On Mon, Jan 30, 2012 at 11:01 AM, Prashant Sharma
<pr...@imaginea.com>wrote:

> Praveenesh,
> Well, It gives you more convenience :). If you have worked on R, then you
> might notice with R you can write mapper as a lapply(using rmr). They have
> already abstracted a lot of stuff for you so you have less control over
> things. But still as far as convenience is concerned its damn cool. For
> example you can process data inside R using Hadoop (Nodoubt It uses hadoop
> streaming behind the scenes) and have the process data easily loaded back
> into R command line from hdfs(using rhdfs). Generally R developers do not
> like being engrossed with hassles that hadoop streaming can bring.
>
> -P
>
> P.S. I am not endorsing anyone. It's just my view.
>
> On Sun, Jan 29, 2012 at 12:54 PM, praveenesh kumar <praveenesh@gmail.com
> >wrote:
>
> > Does anyone has done any work with "R" + Hadoop ?
> >
> > I know there are some flavors of R+Hadoop available such as
> "rmr","rhdfs",
> > "RHIPE", "R-hive"
> >
> > But as far as I know submitting jobs using Hadoop Streaming is the best
> way
> > right now available. Am I right ?
> >
> >
> > Any info on R on Hadoop ?
> >
> > Thanks,
> > Praveenesh
> >
>

Re: Any info on R+Hadoop

Posted by Prashant Sharma <pr...@imaginea.com>.
Praveenesh,
Well, It gives you more convenience :). If you have worked on R, then you
might notice with R you can write mapper as a lapply(using rmr). They have
already abstracted a lot of stuff for you so you have less control over
things. But still as far as convenience is concerned its damn cool. For
example you can process data inside R using Hadoop (Nodoubt It uses hadoop
streaming behind the scenes) and have the process data easily loaded back
into R command line from hdfs(using rhdfs). Generally R developers do not
like being engrossed with hassles that hadoop streaming can bring.

-P

P.S. I am not endorsing anyone.

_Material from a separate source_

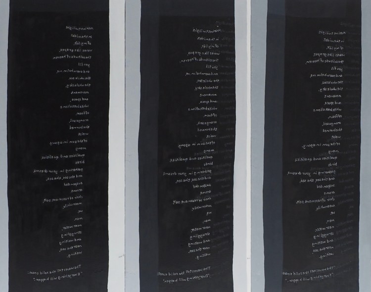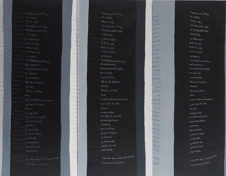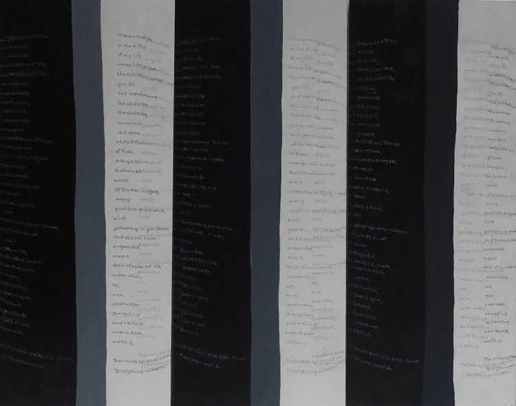The sculpture on which the paintings are based. I have sewn Neruda’s poem on the fabric in Spanish and English and facing forwards and backwards. I then took a series of photographs of this cylindrical structure rotating 360 degrees. Each panel equates to one of the stills.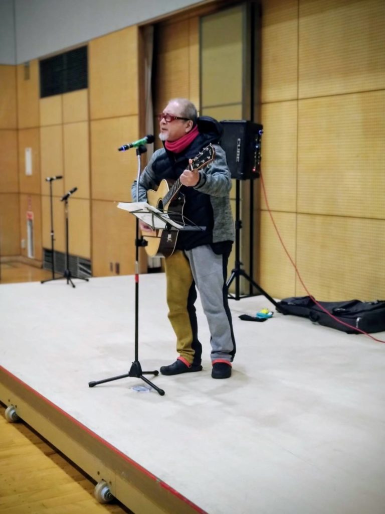 今回の演目は、歌謡漫談のギター演奏、竹村町内会長でもあり、田端義夫氏を師匠に持ちギター演奏をして各養護施設を訪問する活動を長年に渡りしている高田まさき氏をトップバッターにしました。持ち時間は25分~30分でお願いをして演奏はブルーライトヨコハマ(石田あゆみ)・上を向いて歩こう(坂本九)・擦りの歌(なぎら健壱)・民謡発祥のこきこり節(日本最古の民謡)などを紹介しながら、会場の手拍子を交えながら時間いっぱいのひと時を過ごした。

It's just my view.

On Sun, Jan 29, 2012 at 12:54 PM, praveenesh kumar <pr...@gmail.com>wrote:

> Does anyone has done any work with "R" + Hadoop ?
>
> I know there are some flavors of R+Hadoop available such as "rmr","rhdfs",
> "RHIPE", "R-hive"
>
> But as far as I know submitting jobs using Hadoop Streaming is the best way
> right now available. Am I right ?
>
>
> Any info on R on Hadoop ?
>
> Thanks,
> Praveenesh
>